Pafy Documentation

This is the documentation for pafy - a Python library to download YouTube content and retrieve metadata

A quick start intro with usage examples is available in the README

Development / Source code / Bug reporting: github.com/np1/pafy

Homepage: np1.github.io/pafy

API Keys

Specifying an API key is optional, as pafy includes one. However, it is prefered that software calling pafy provides it’s own API key, and the default may be removed in the future.

Information from Google about obtaining an API key

pafy.set_api_key(key)

“Sets the API key for pafy to use.”

Parameters:key – API key to use

Pafy Objects and Stream Objects

Pafy objects relate to videos hosted on YouTube. They hold metadata such as title, viewcount, author and video ID

Stream objects relate to individual streams of a YouTube video. They hold stream-specific data such as resolution, bitrate and url. Each Pafy object contains multiple stream objects.

Pafy Objects

Create a Pafy object using the pafy.new() function, giving a YouTube video URL as the argument.

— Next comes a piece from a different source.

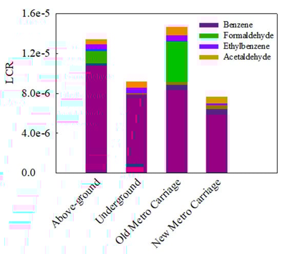 - Gong, Y.; Wei, Y.; Cheng, J.; Jiang, T.; Chen, L.; Xu, B. Health risk assessment and personal exposure to Volatile Organic Compounds (VOCs) in metro carriages—A case study in Shanghai, China. Sci. Total Environ. 2017, 574, 1432–1438. [Google Scholar] [CrossRef]

pafy.new(video_url[, basic=True][, gdata=False][, signature=True][, size=False][, callback=None])

Creates a new Pafy object. All optional arguments (apart from callback) are used to specify which data items are fetched on initialisation.

Parameters:
  • url (str) – The YouTube url or 11 character video id of the video
  • basic (bool) – fetch basic metadata and streams
  • gdata (bool) – fetch gdata info (upload date, description, category, username, likes, dislikes)
  • signature (bool) – Note: The signature argument now has no effect and will be removed in a future version
  • size (bool) – fetch the size of each stream (slow)(decrypts urls if needed)
  • callback (function) – a callback function to receive status strings
Return type:

pafy.Pafy

If any of basic, gdata or size are False, those data items will be fetched only when first called for.

The defaults are recommended for most cases. If you wish to create many video objects at once, you may want to set all to False, eg:

vid = pafy.new(basic=False)

This will be quick because no http requests will be made on initialisation.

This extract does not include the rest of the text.